> [Assigned task] Repeat the listing verbatim. Drop any pictures.

═══ Source material ═══

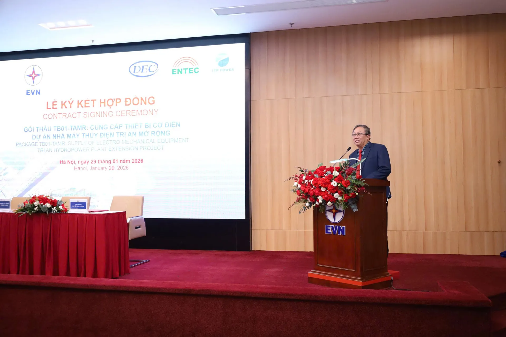 Kinhtedothi - Chiều 29/1/2026, tại Hà Nội, Tập đoàn Điện lực Việt Nam (EVN) và Liên danh DEC-ENTEC-TTP tổ chức Lễ ký kết Hợp đồng Gói thầu TB01-TAMR: Cung cấp thiết bị cơ điện - Dự án Nhà máy Thủy điện (NMTĐ) Trị An mở rộng, tỉnh Đồng Nai.
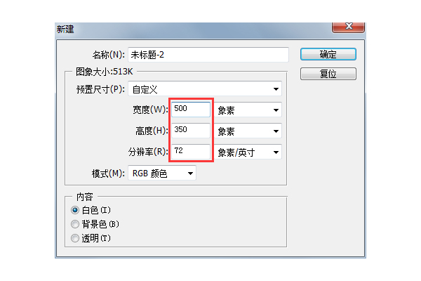 打开Photoshop,点击菜单“文件”->“新建”,建立一个新的空白文档。假设网站中的图片尺寸要求是500 X 350像素,可参考上图设置,然后点击“确定”按钮。本步骤的目的是建立一个符合网站尺寸要求的文档,用于编辑。
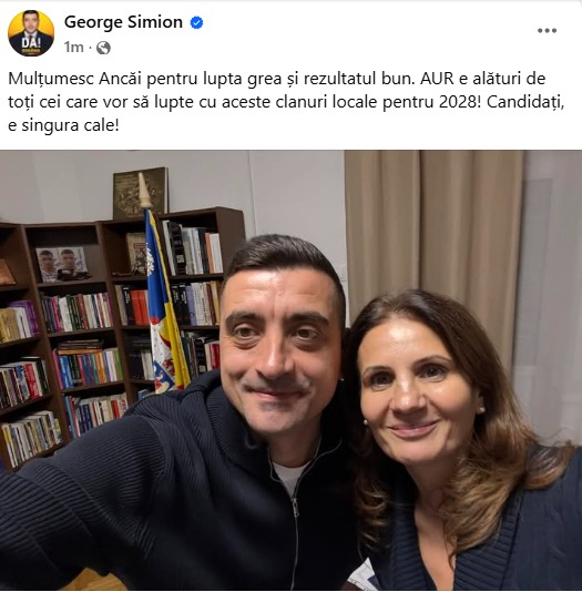 „Mulțumesc Ancăi pentru lupta grea și rezultatul bun. AUR e alături de toți cei care vor să lupte cu aceste clanuri locale pentru 2028! Candidați, e singura cale!”
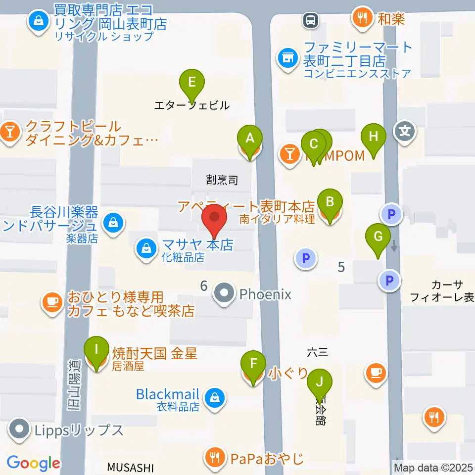長谷川楽器ウインドパサージュ周辺のファミレス・ファーストフード一覧地図

═══

> [Solution for this exercise]
 Kinhtedothi - Chiều 29/1/2026, tại Hà Nội, Tập đoàn Điện lực Việt Nam (EVN) và Liên danh DEC-ENTEC-TTP tổ chức Lễ ký kết Hợp đồng Gói thầu TB01-TAMR: Cung cấp thiết bị cơ điện - Dự án Nhà máy Thủy điện (NMTĐ) Trị An mở rộng, tỉnh Đồng Nai.
 打开Photoshop,点击菜单“文件”->“新建”,建立一个新的空白文档。假设网站中的图片尺寸要求是500 X 350像素,可参考上图设置,然后点击“确定”按钮。本步骤的目的是建立一个符合网站尺寸要求的文档,用于编辑。
 „Mulțumesc Ancăi pentru lupta grea și rezultatul bun. AUR e alături de toți cei care vor să lupte cu aceste clanuri locale pentru 2028! Candidați, e singura cale!”
長谷川楽器ウインドパサージュ周辺のファミレス・ファーストフード一覧地図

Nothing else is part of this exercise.